Hiszpania i Grecja wydały miliony euro na lotniska, które nie są w pełni wykorzystywane. Na podstawie raportu Europejskiego Trybunału Obrachunkowego Unia Europejska zmarnowała miliony euro inwestując w infrastrukturę lotniskową w ostatnich latach, która okazała się zbędna.
Większość nietrafionych inwestycji poczyniona została w Hiszpanii – inwestycje stanowiły prawie jedną czwartą z €4, 5 miliardów funduszy polityki spójności, które ulokowane zostały w infrastrukturę lotniskową w tym okresie.
Audytorzy przyjrzeli się wartym €666 milionów inwestycjom w lotniska na terenie Hiszpanii, Grecji, Polski i Estonii. Jak się okazało zaledwie połowa z tych lotnisk wymagała nakładów inwestycyjnych. Reszta infrastruktury nie jest w pełni wykorzystywana, a infrastruktura o wartości €38 milionów nie jest w ogóle wykorzystywana.
Zaledwie połowa z lotnisk obsługuje teraz większą liczbę pasażerów. Siedem z omawianych lotnisk nie jest finansowo samowystarczalnych i będą musiały nadal funkcjonować bez środków publicznych.
Dużą częścią problemu było to, że prognozy ruchu lotniczego były w znacznym stopniu przewartościowane.
W hiszpańskiej Cordobie, w 2013r. lotnisko obsłużyło 7 000 pasażerów, a prognoza zakładała 179 000. Lotnisko generuje teraz straty. Otwarcie lotniska w greckiej Kastorii pochłonęło €1,7mln w latach 2005-12, a zarobiło zaledwie €176 000. Tak więc wychodzi na to, że obsługa jednego pasażera kosztuje tutaj €275. Nowy pas startowy, który wybudowano na lotnisku w greckiej Kastorii pochłonął €16, 5 mln funduszy europejskich, jednak do tej pory nie skorzystał z niego ani jeden samolot, jakiemu pas jest dedykowany.

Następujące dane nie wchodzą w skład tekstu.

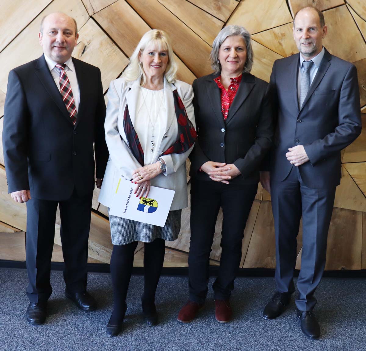 Personalrat Joachim Geiss (l.) und Landrat-Stellvertreter Joachim Bauer (r.) verabschiedeten Renate Moderer (wohnhaft in Angelbachtal, zuletzt beim Amt für Landwirtschaft und Naturschutz beschäftigt) sowie Marinela Indus (Mannheim/Amt für Gewerbeaufsicht und Umweltschutz) in den verdienten Ruhestand.

Okazało się, że wszystkie inwestycje w lotniska w Hiszpanii i Grecji były nietrafione, jednak wyniki audytu pokazują, że lotniska we Włoszech, Polsce i Estonii wypadły o wiele lepiej. Lotniska w Gdański i w Rzeszowie, w Polsce, oraz lotniska w Tallinie i Taru, w Estonii, naprawdę wymagały inwestycji i teraz przynoszą dochody. We Włoszech, nowo wybudowane lotnisko w Alghero na Sardynii również przynosi zyski. Inwestycje w infrastrukturę w Catanii, Comiso, Crotone i Neapolu pokazały różne wyniki.
Problem „lotnisk widm” udowodnił, że w ciągu ostatniej dekady, europejskie fundusze, zwłaszcza w Hiszpanii, przynoszą wstyd całej UE. Komisja Europejska zrewidowała swoje zasady udzielania pomocy w kwestii inwestycji w lotniska, także obecnie władze lokalne muszą przedstawić konkretne potrzeby. Komisja sprawdza również, czy część przyznanych grantów nie trafiła w ręce tanich linii lotniczych w formie dotacji do opłaty za użytkowanie portu lotniczego.
Rzecznik Komisji Europejskiej powiedział dzisiaj, że wprowadzono nowe środki kontrolne, które mają na celu zapobiec tego rodzaju niewłaściwemu finansowaniu w przyszłości.